The effect that further relative motion between brake device for elevator and brake area has is that braking element is rotated again, thus produces further amplification.The effect that first this further amplification has is, such as, the slipper relative with brake area is attracted to drg opposing surface and is again clamped, until realize enough gripping powers and corresponding braking force.The effect that this further amplification obviously also has is, the axis of swivel bearing is again to travelling backwards position.Usually reach its position corresponding with the first operation setting as principle due to actuator, therefore can occur play at braking element or between brake housing and the actuator being in this operation setting.

Alternatively, maintaining body can be elastically installed to make it possible to carry out corresponding pushing back significantly.

In the modification of embodiment, braking element has the first brake area be connected with center clamping region.This is favourable when fair speed.Therefore eccentric wheel need not roll in whole braking distance, but brake area terminates to roll and amplification process, and car is stoped with the braking force of relative slipper by brake area.Braking element preferably has the second brake area, and the second brake area links together with the end relative with the first brake area of center clamping region.Therefore, it is possible to be provided in the brake device for elevator that both sides play a role, correctly be moved accordingly because braking element is inevitable with direct of travel.

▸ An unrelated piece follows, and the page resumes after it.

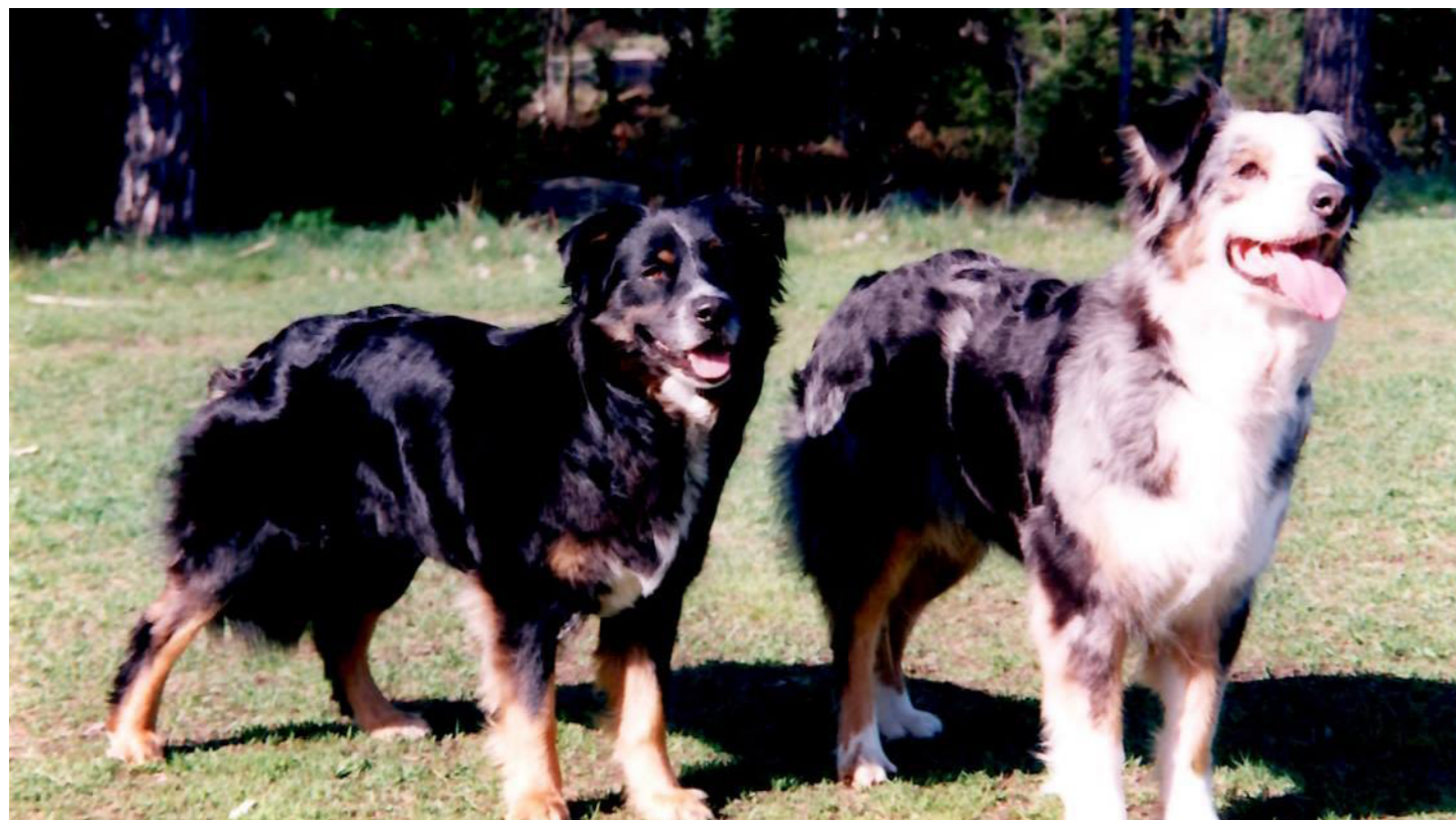
Tarcott Amber Nectar "Debbie" tillsammans med El Merino's Little Witch "Ylle"

Allt detta gjorde mig extremt nervös och jag var väldigt orolig över vad som skulle hända när det var min hunds tur att släppas lös. På darriga ben klev jag in i hagen, där instruktören höll flocken med sin Border collie. På instruktörens order kopplade jag loss min hund och i ungefär samma ögonblick

In the replaceable modification of embodiment, braking element has the brake shoe of replacement first brake area.This is such as pressed against on brake area by the rotation of this control eccentric by the control eccentric of braking element.

In the modification of embodiment, brake device for elevator also comprises slipper.In the mode making it possible to the suitable position be clamped between braking element and slipper by the guide rail of brake area or correspondence, this slipper is set.Slipper is advantageously fastened in brake housing by least one retarding spring.Retarding spring is designed to corresponding with the quality of the car that will be braked.Under the consideration geometric layout of braking element and the yieldable situation of synthesis of retarding spring, rigidity or spring constant and bias voltage thereof can be determined.Therefore, on the one hand, can be triggered by the shape of braking element and engage and reset function, on the other hand, braking force can be set by the design of the slipper with retarding spring.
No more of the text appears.